## TRY IT
Exactly the lines from the one containing "ผลิตจากใยฝ้าย Cotton 100%" to the final line below should be output, and no others.

## RECORDED DATA
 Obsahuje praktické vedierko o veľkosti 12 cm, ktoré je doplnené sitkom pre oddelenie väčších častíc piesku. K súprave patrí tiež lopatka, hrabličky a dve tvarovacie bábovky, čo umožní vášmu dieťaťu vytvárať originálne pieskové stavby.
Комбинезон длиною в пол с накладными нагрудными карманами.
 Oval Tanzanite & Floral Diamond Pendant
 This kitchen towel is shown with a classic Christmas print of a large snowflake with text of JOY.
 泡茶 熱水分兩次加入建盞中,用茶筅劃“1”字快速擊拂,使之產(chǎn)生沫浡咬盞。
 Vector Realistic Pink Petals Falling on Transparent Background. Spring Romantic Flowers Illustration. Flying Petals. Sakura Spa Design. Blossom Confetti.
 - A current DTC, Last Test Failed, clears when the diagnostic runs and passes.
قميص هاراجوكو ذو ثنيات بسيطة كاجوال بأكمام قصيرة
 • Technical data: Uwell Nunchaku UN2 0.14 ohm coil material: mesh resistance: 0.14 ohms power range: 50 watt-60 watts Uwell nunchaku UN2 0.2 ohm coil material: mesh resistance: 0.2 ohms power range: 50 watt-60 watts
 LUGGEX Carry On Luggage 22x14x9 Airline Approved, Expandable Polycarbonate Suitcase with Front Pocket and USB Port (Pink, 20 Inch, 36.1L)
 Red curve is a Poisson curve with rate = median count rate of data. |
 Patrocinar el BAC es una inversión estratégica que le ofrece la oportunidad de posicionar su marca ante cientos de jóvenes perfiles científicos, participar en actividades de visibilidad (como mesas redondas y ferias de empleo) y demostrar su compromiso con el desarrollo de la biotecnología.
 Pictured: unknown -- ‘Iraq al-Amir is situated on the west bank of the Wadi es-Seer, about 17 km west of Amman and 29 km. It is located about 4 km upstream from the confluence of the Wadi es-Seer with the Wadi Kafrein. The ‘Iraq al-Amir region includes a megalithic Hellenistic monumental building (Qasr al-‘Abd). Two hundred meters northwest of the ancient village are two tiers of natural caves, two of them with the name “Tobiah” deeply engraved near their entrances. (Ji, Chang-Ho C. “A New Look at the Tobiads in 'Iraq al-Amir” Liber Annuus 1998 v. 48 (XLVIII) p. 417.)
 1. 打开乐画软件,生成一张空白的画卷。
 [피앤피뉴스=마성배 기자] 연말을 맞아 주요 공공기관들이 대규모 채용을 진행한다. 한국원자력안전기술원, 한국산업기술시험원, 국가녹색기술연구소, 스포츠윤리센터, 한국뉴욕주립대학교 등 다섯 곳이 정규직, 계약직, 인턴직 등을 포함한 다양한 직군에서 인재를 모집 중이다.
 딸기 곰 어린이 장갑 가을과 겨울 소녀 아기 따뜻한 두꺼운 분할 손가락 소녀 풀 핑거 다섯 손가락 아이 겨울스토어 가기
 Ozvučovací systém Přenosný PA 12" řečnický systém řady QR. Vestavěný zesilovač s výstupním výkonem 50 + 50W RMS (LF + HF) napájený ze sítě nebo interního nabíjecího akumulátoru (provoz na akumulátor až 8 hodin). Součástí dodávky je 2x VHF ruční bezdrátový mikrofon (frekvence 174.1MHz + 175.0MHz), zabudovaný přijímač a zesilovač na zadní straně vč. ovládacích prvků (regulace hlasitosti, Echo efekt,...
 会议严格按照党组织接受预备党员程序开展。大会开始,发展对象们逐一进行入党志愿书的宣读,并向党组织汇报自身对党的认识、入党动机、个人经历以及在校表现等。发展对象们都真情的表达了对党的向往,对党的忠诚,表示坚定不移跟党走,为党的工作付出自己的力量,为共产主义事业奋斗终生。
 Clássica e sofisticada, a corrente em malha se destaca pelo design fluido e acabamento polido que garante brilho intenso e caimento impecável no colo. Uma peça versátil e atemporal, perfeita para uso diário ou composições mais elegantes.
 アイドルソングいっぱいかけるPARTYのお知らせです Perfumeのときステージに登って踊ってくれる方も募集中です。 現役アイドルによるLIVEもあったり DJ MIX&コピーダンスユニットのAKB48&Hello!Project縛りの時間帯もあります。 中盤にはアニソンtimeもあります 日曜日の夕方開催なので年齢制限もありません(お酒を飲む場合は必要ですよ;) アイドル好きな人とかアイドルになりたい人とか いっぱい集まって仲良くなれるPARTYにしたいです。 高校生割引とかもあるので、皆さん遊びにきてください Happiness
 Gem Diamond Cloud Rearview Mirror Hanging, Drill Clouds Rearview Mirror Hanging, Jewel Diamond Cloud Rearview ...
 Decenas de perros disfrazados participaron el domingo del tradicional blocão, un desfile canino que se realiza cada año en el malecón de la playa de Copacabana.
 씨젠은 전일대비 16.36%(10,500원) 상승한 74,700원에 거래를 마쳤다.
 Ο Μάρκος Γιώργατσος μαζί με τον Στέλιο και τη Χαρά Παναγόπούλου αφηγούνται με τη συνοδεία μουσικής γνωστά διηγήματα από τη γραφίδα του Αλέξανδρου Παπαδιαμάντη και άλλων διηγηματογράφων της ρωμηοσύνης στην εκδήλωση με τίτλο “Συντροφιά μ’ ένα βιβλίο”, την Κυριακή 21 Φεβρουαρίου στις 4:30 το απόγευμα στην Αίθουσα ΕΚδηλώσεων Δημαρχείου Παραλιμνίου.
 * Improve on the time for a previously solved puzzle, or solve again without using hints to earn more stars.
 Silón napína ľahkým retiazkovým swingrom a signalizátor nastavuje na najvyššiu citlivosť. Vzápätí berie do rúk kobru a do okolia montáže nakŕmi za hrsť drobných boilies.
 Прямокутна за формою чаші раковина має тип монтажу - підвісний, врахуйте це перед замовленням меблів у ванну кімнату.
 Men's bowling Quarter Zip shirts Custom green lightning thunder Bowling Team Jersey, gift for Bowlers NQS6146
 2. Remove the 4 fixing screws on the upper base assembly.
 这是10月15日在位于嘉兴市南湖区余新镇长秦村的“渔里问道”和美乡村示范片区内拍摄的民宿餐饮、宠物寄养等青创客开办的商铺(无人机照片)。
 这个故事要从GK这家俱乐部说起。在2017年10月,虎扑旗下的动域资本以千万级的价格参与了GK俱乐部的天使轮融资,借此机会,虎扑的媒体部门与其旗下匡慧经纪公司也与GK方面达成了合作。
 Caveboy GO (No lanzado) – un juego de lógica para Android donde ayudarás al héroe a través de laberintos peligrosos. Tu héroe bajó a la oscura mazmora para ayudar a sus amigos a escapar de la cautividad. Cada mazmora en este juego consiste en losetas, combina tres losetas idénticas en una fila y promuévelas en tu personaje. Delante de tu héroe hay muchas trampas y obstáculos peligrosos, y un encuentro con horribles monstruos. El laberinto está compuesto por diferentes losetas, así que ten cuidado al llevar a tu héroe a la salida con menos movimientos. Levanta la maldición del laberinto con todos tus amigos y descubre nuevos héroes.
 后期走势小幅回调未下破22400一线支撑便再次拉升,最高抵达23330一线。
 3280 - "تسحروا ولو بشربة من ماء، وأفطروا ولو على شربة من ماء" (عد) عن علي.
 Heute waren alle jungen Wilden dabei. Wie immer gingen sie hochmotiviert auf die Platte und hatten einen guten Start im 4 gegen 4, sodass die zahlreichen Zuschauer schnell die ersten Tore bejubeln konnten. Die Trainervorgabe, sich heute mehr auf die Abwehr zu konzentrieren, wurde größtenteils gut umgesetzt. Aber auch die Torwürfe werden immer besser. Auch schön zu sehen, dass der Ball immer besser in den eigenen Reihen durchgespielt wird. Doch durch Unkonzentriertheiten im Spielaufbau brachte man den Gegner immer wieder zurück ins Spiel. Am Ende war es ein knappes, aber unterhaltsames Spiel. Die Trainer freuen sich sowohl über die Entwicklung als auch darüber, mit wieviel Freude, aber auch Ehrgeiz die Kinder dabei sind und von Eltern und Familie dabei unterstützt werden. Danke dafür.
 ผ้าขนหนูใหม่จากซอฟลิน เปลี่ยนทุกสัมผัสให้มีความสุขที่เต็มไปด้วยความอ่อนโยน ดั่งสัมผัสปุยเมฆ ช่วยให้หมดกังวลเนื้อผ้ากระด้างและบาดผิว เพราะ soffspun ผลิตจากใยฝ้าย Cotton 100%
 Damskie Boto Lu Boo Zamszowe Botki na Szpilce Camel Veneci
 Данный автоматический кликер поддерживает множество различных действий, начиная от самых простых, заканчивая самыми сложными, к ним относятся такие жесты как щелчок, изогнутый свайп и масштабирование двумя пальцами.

## RESPONSE TO THE EXERCISE
 ผ้าขนหนูใหม่จากซอฟลิน เปลี่ยนทุกสัมผัสให้มีความสุขที่เต็มไปด้วยความอ่อนโยน ดั่งสัมผัสปุยเมฆ ช่วยให้หมดกังวลเนื้อผ้ากระด้างและบาดผิว เพราะ soffspun ผลิตจากใยฝ้าย Cotton 100%
 Damskie Boto Lu Boo Zamszowe Botki na Szpilce Camel Veneci
 Данный автоматический кликер поддерживает множество различных действий, начиная от самых простых, заканчивая самыми сложными, к ним относятся такие жесты как щелчок, изогнутый свайп и масштабирование двумя пальцами.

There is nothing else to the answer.